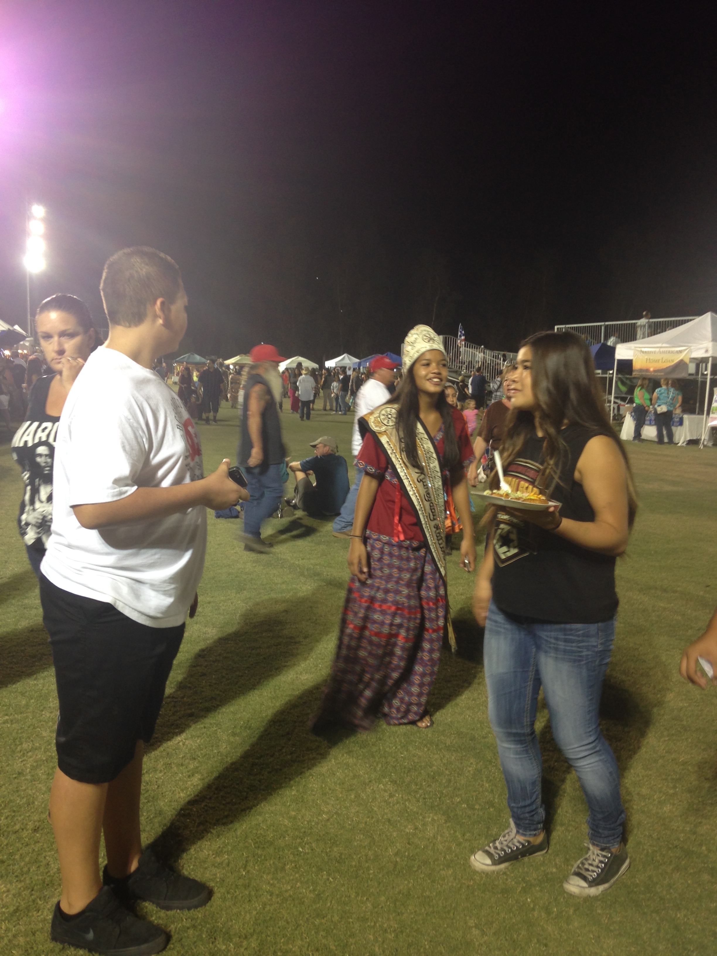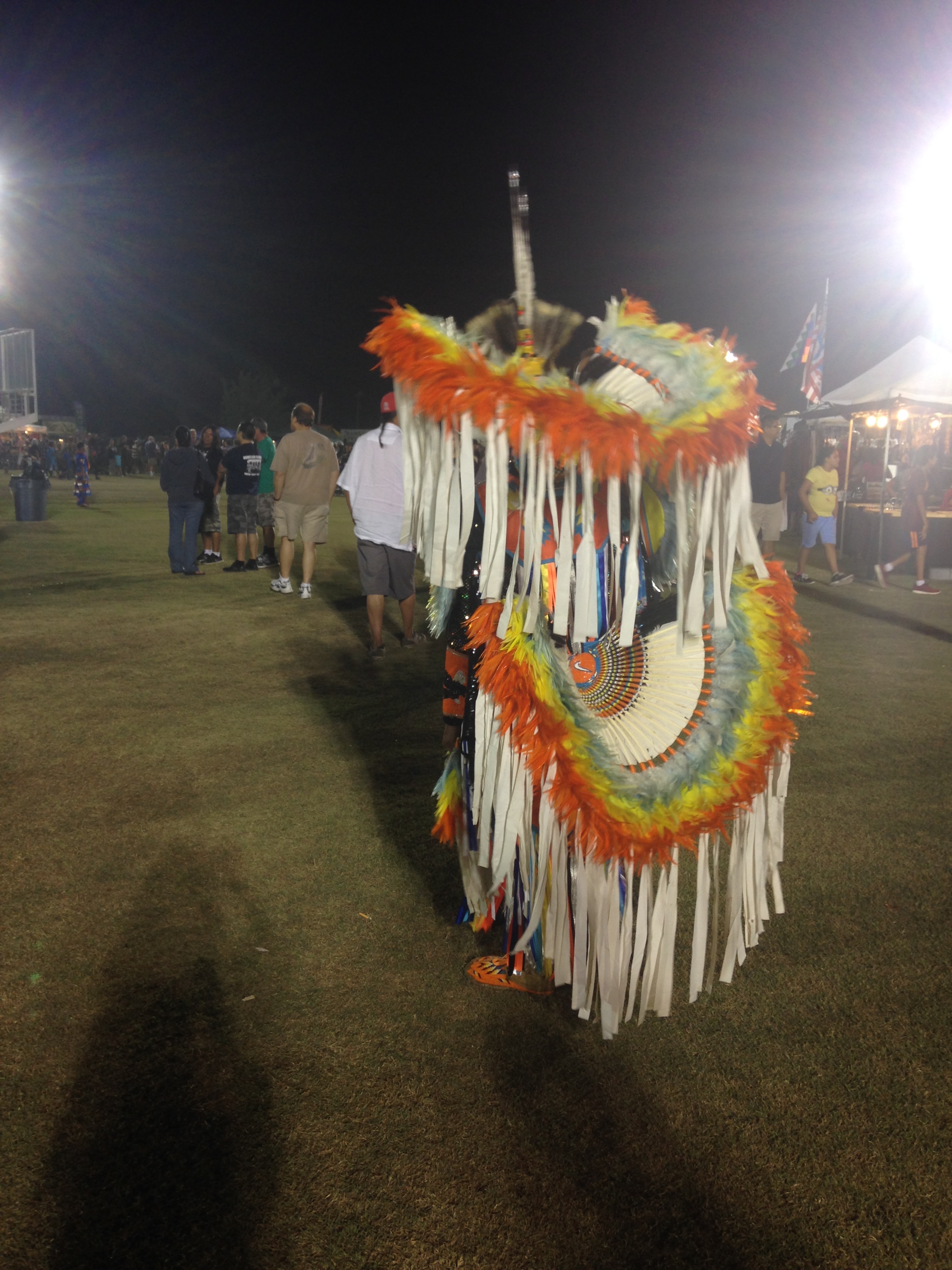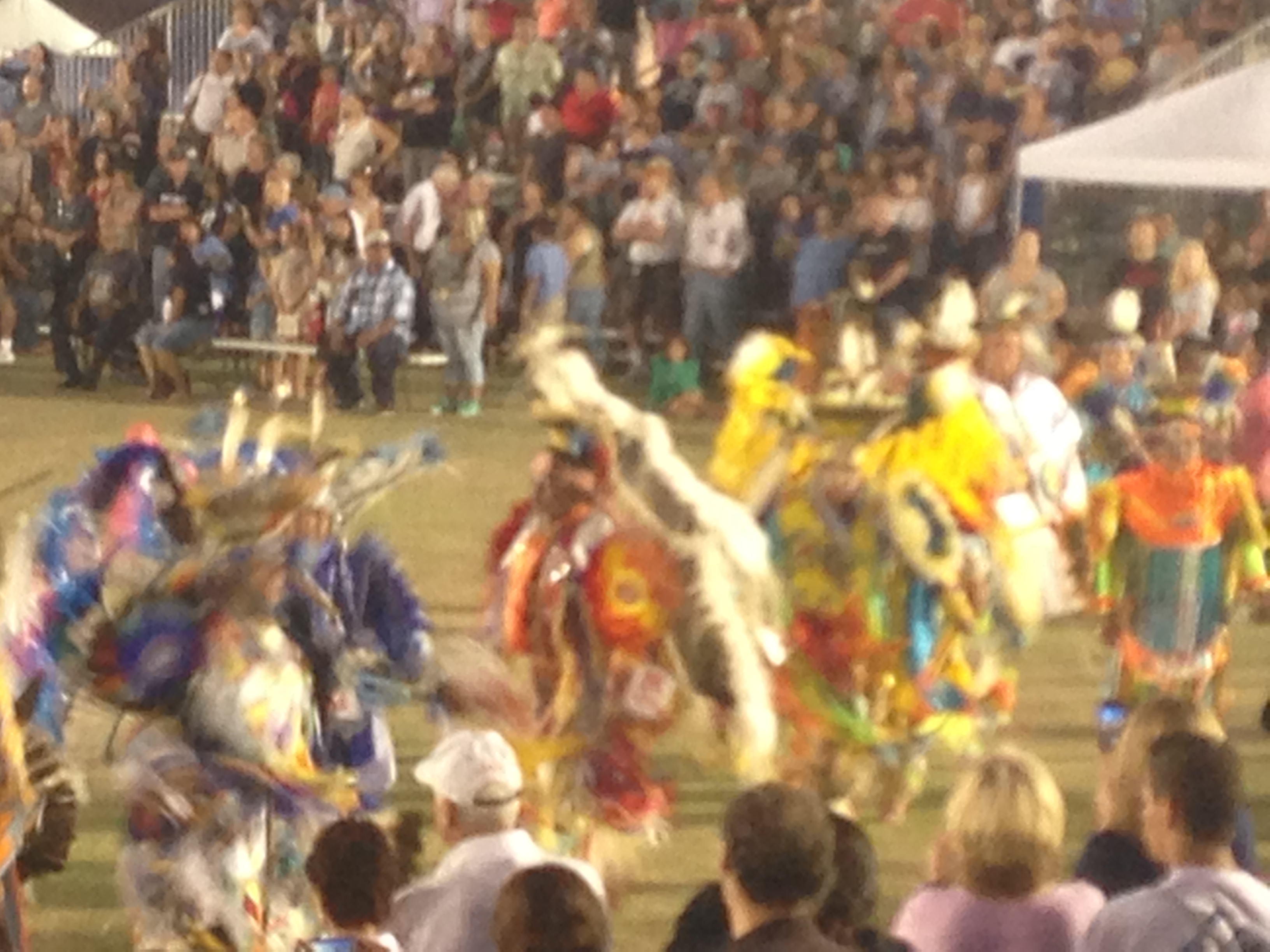 We sit under one of the humongous white tents, plopping down in the middle of all the other saved chairs. We can’t tell if the areas are reserved for certain groups, but oh well, I guess we will sit until someone tells us to leave. There is some Gourd Dancing contests going on, primarily with the younger age groups. We notice there are two groups of drummers, the center drum circle which look to be elder types and experienced, and the outer drum circle, which seemed younger and more energetic.
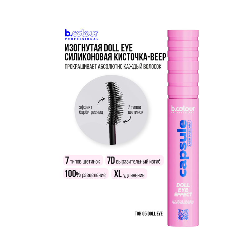 B.COLOUR PROFESSIONAL Тушь для ресниц, термотушь черная подкручивающая, удлиняющая, CAPSULE 05 Doll eye
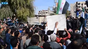 يصر أهالي الغوطة الشرقية في ريف دمشق على مطالبهم التي تدعوا إلى نبذ الخلافات بين الفصائل العسكرية ورفع الحواجز بين المدن والبلدات وتشكيل كيان عسكري موحد ، وخرج اليوم بعد صلاة الجمعة مئات المتظاهرين يطالبون الفصائل بالإصغاء إلى مطالبهم.
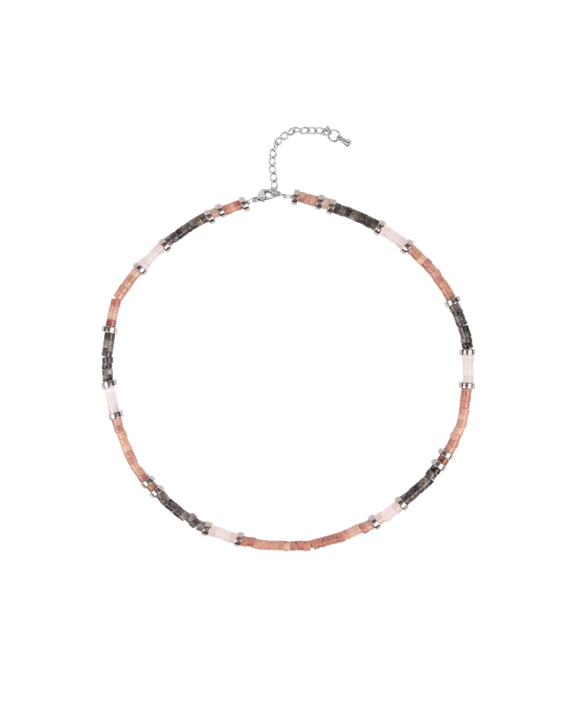 Il associe trois pierres naturelles, la nacre, la labradorite et la rhodonite, qui capturent la lumière chaude du coucher de soleil, la fraîcheur mystique de l’océan et la douceur naturelle des plages de Malibu.
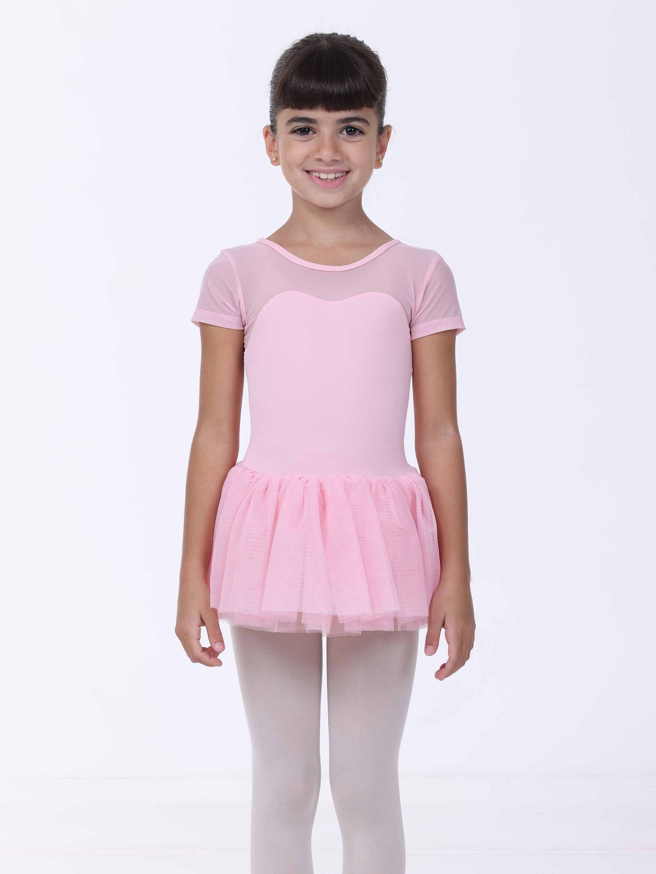 Robe de danse pour fille rose clair – buste en tulle transparent et jupe courte évasée.
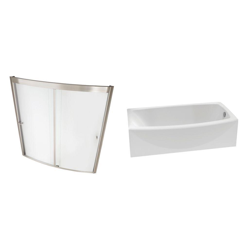 Ovation 60 in. Standard Fit Bathtub Kit with Right-Hand Drain and Sliding Tub/Shower Door in Satin Nickel
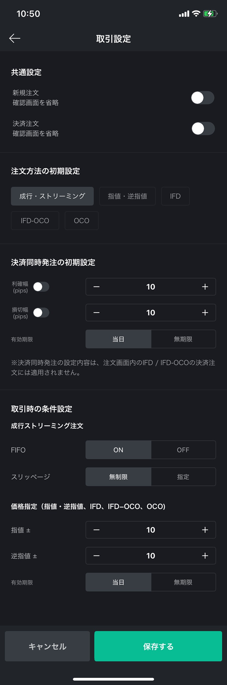※決済同時発注の設定内容は、注文画面内のIFD/IFD-OCOの決済注文には適用されないのでご注意ください。
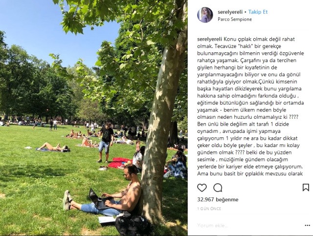 Ünlü oyuncu, yine sosyal medya hesabından bir parkta çimlerin üstünde üstsüz güneşlenen insanların fotoğrafını paylaşarak “Konu çıplak olmak değil rahat olmak. Tecavüze ‘haklı’ bir gerekçe bulunamaycağını bilmenin verdiği özgüvenle rahatça yaşamak. Çarşafını ya da tercihen giyilen herhangi bir kıyafetinin de yargılanmayacağını biliyor ve onu da gönül rahatlığıyla giyiyor olmak. Çünkü kimsenin başka hayatları dikizleyerek bunu yargılama hakkına sahip olmadığını farkında olduğu, eğitimde bütünlüğün sağlandığı bir ortamda yaşamak – benim ülkem neden böyle olmasın neden huzurlu olmamalıyız ki? Ben ünlü bile değilim alt tarafı bir dizide oynadım, Avrupa’da işimi yapmaya çalışıyorum 1 yıldır ne ara bu kadar dikkat çeker oldu böyle şeyler… Bu kadar mı kolay gündem olmak? Belki de bu yüzden sesimle, müziğimle gündem olacağım yerlerde bir kariyer elde etmeye çalışıyorum. Ama bunu basit bir çıplaklık mevzusu olarak asla görmedim! Çünkü benim ya da bir başkasının bedeni gözümde asla bir obje olmadı. Hadi şimdi beni rahat bırakın.” yazdı.
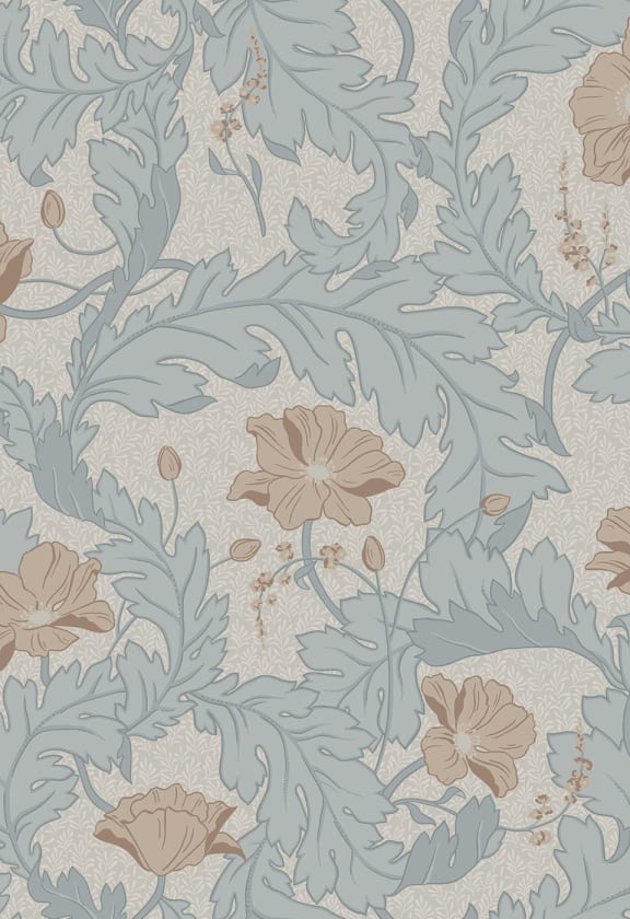 Un mac dansând în vânt, învelit în frunziș șerpuit. Tapetul Charlotte este pe cât de evident, pe atât de fascinant. Oferind un sentiment de confort și moliciune la prima vedere, o privire mai atentă dezvăluie toate detaliile minunate. Modelul este inspirat de un tapet original cu design uimitor de la Castelul Bogesund, cuplat cu o margine în dormitorul domnișoarei Emilie Piper. Cele patru culori diferite ale tapetului sunt toate ușor atenuate.
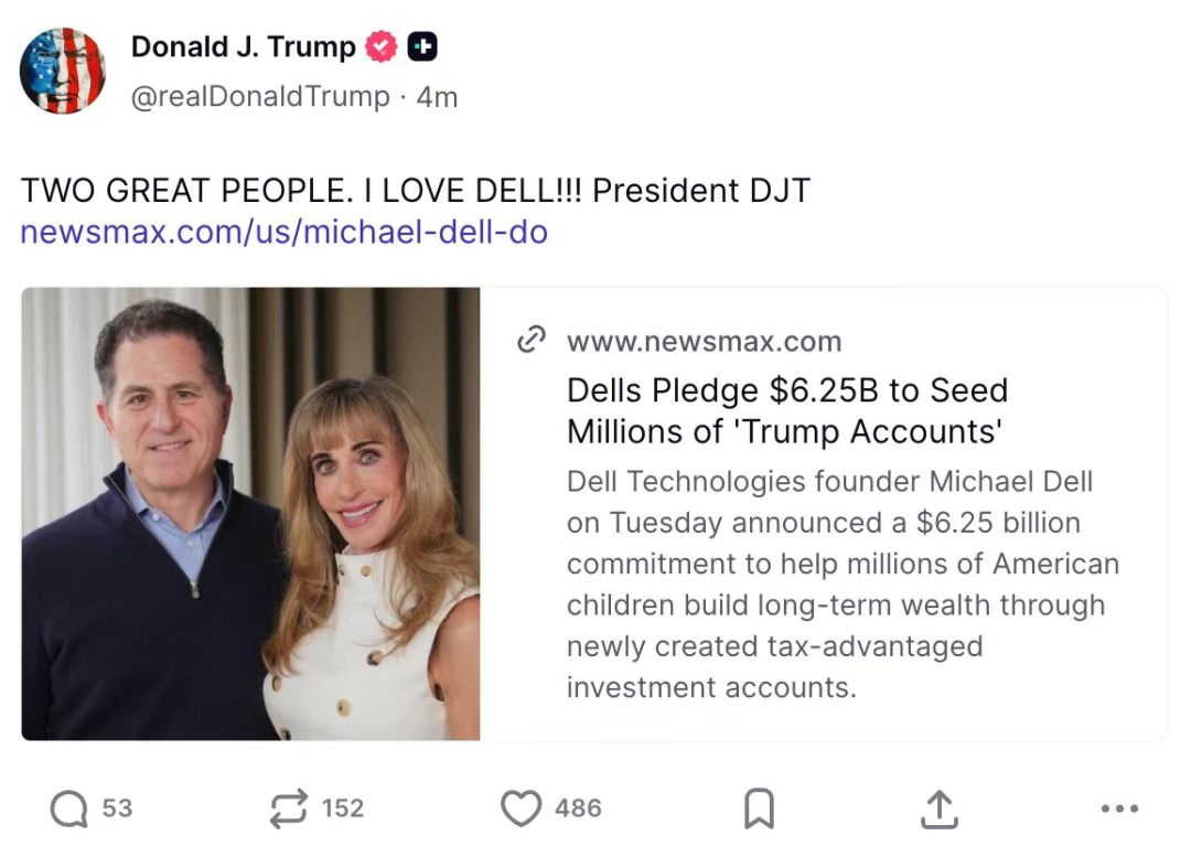 美国总统特朗普在社交媒体上迅速回应,发文盛赞戴尔夫妇的贡献。他写道:“两位伟大的人,我爱戴尔!”这一表态进一步提振市场信心,戴尔科技股价当日上涨近3%,盘中涨幅一度突破4.5%。
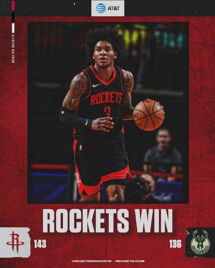 火箭:波特50分5篮板11助攻1封盖、奥利尼克24分13篮板4助攻,泰特12分6篮板3助攻,伍德31分9篮板4助攻,布鲁克斯6分,威尔森15分12篮板
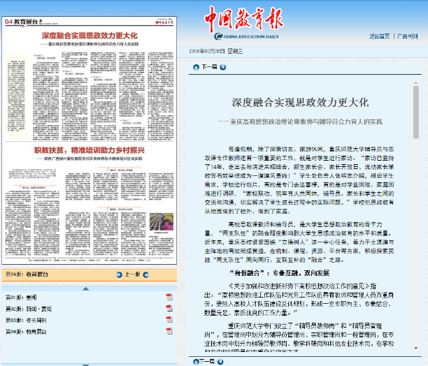 2018年2月28日《中国教育报》04版刊发文章《深度融合实现思政效力最大化——重庆高校思想政治理论课教师与辅导员合力育人的实践》,其中深入报道了91自拍论坛
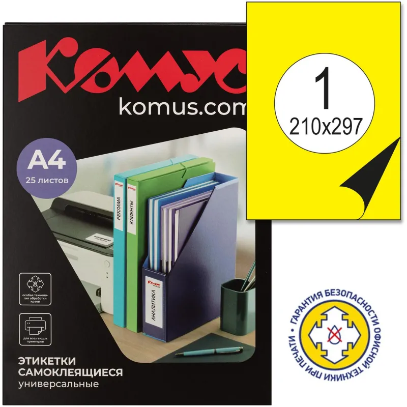 Этикетки самоклеящиеся 210х297мм, 80г желтая (25л./уп.)
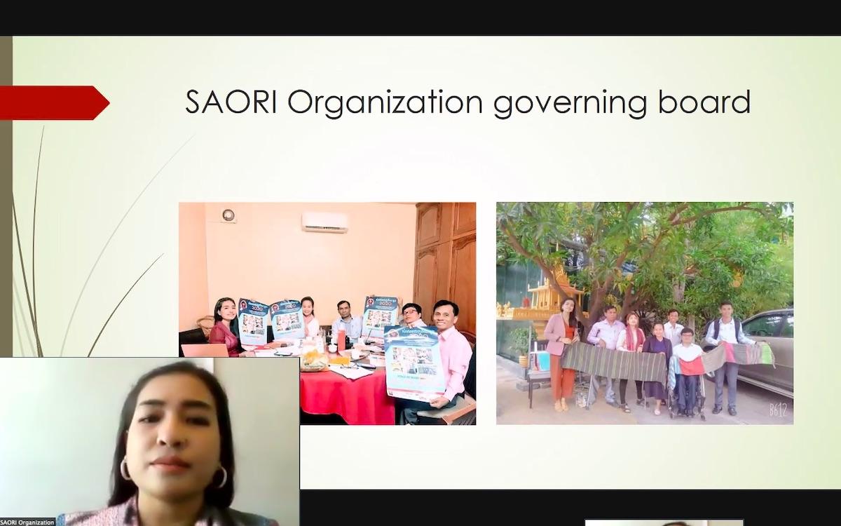 そして、日本発祥のアートワーク「さをり織」を題材に「さをり織の社会における意義」をテーマにした発表がフィリピン、カンボジア、日本から行われ、参加できなかった台湾の実情について司会者が説明を行った。「さをり織」は、NPO法人さをりひろばが、1970年から障がい者らの就労支援や、災害被災者の心のケアなどの活動を、日本を含む約50ヵ国で行なっている。
......
▶ **Your goal**
With the pictures stripped out, return each record word for word.

▶ **Finished exercise**
 We sit under one of the humongous white tents, plopping down in the middle of all the other saved chairs. We can’t tell if the areas are reserved for certain groups, but oh well, I guess we will sit until someone tells us to leave. There is some Gourd Dancing contests going on, primarily with the younger age groups. We notice there are two groups of drummers, the center drum circle which look to be elder types and experienced, and the outer drum circle, which seemed younger and more energetic.
 B.COLOUR PROFESSIONAL Тушь для ресниц, термотушь черная подкручивающая, удлиняющая, CAPSULE 05 Doll eye
 يصر أهالي الغوطة الشرقية في ريف دمشق على مطالبهم التي تدعوا إلى نبذ الخلافات بين الفصائل العسكرية ورفع الحواجز بين المدن والبلدات وتشكيل كيان عسكري موحد ، وخرج اليوم بعد صلاة الجمعة مئات المتظاهرين يطالبون الفصائل بالإصغاء إلى مطالبهم.
 Il associe trois pierres naturelles, la nacre, la labradorite et la rhodonite, qui capturent la lumière chaude du coucher de soleil, la fraîcheur mystique de l’océan et la douceur naturelle des plages de Malibu.
 Robe de danse pour fille rose clair – buste en tulle transparent et jupe courte évasée.
 Ovation 60 in. Standard Fit Bathtub Kit with Right-Hand Drain and Sliding Tub/Shower Door in Satin Nickel
※決済同時発注の設定内容は、注文画面内のIFD/IFD-OCOの決済注文には適用されないのでご注意ください。
 Ünlü oyuncu, yine sosyal medya hesabından bir parkta çimlerin üstünde üstsüz güneşlenen insanların fotoğrafını paylaşarak “Konu çıplak olmak değil rahat olmak. Tecavüze ‘haklı’ bir gerekçe bulunamaycağını bilmenin verdiği özgüvenle rahatça yaşamak. Çarşafını ya da tercihen giyilen herhangi bir kıyafetinin de yargılanmayacağını biliyor ve onu da gönül rahatlığıyla giyiyor olmak. Çünkü kimsenin başka hayatları dikizleyerek bunu yargılama hakkına sahip olmadığını farkında olduğu, eğitimde bütünlüğün sağlandığı bir ortamda yaşamak – benim ülkem neden böyle olmasın neden huzurlu olmamalıyız ki? Ben ünlü bile değilim alt tarafı bir dizide oynadım, Avrupa’da işimi yapmaya çalışıyorum 1 yıldır ne ara bu kadar dikkat çeker oldu böyle şeyler… Bu kadar mı kolay gündem olmak? Belki de bu yüzden sesimle, müziğimle gündem olacağım yerlerde bir kariyer elde etmeye çalışıyorum. Ama bunu basit bir çıplaklık mevzusu olarak asla görmedim! Çünkü benim ya da bir başkasının bedeni gözümde asla bir obje olmadı. Hadi şimdi beni rahat bırakın.” yazdı.
 Un mac dansând în vânt, învelit în frunziș șerpuit. Tapetul Charlotte este pe cât de evident, pe atât de fascinant. Oferind un sentiment de confort și moliciune la prima vedere, o privire mai atentă dezvăluie toate detaliile minunate. Modelul este inspirat de un tapet original cu design uimitor de la Castelul Bogesund, cuplat cu o margine în dormitorul domnișoarei Emilie Piper. Cele patru culori diferite ale tapetului sunt toate ușor atenuate.
 美国总统特朗普在社交媒体上迅速回应,发文盛赞戴尔夫妇的贡献。他写道:“两位伟大的人,我爱戴尔!”这一表态进一步提振市场信心,戴尔科技股价当日上涨近3%,盘中涨幅一度突破4.5%。
 火箭:波特50分5篮板11助攻1封盖、奥利尼克24分13篮板4助攻,泰特12分6篮板3助攻,伍德31分9篮板4助攻,布鲁克斯6分,威尔森15分12篮板
 2018年2月28日《中国教育报》04版刊发文章《深度融合实现思政效力最大化——重庆高校思想政治理论课教师与辅导员合力育人的实践》,其中深入报道了91自拍论坛
 Этикетки самоклеящиеся 210х297мм, 80г желтая (25л./уп.)
 そして、日本発祥のアートワーク「さをり織」を題材に「さをり織の社会における意義」をテーマにした発表がフィリピン、カンボジア、日本から行われ、参加できなかった台湾の実情について司会者が説明を行った。「さをり織」は、NPO法人さをりひろばが、1970年から障がい者らの就労支援や、災害被災者の心のケアなどの活動を、日本を含む約50ヵ国で行なっている。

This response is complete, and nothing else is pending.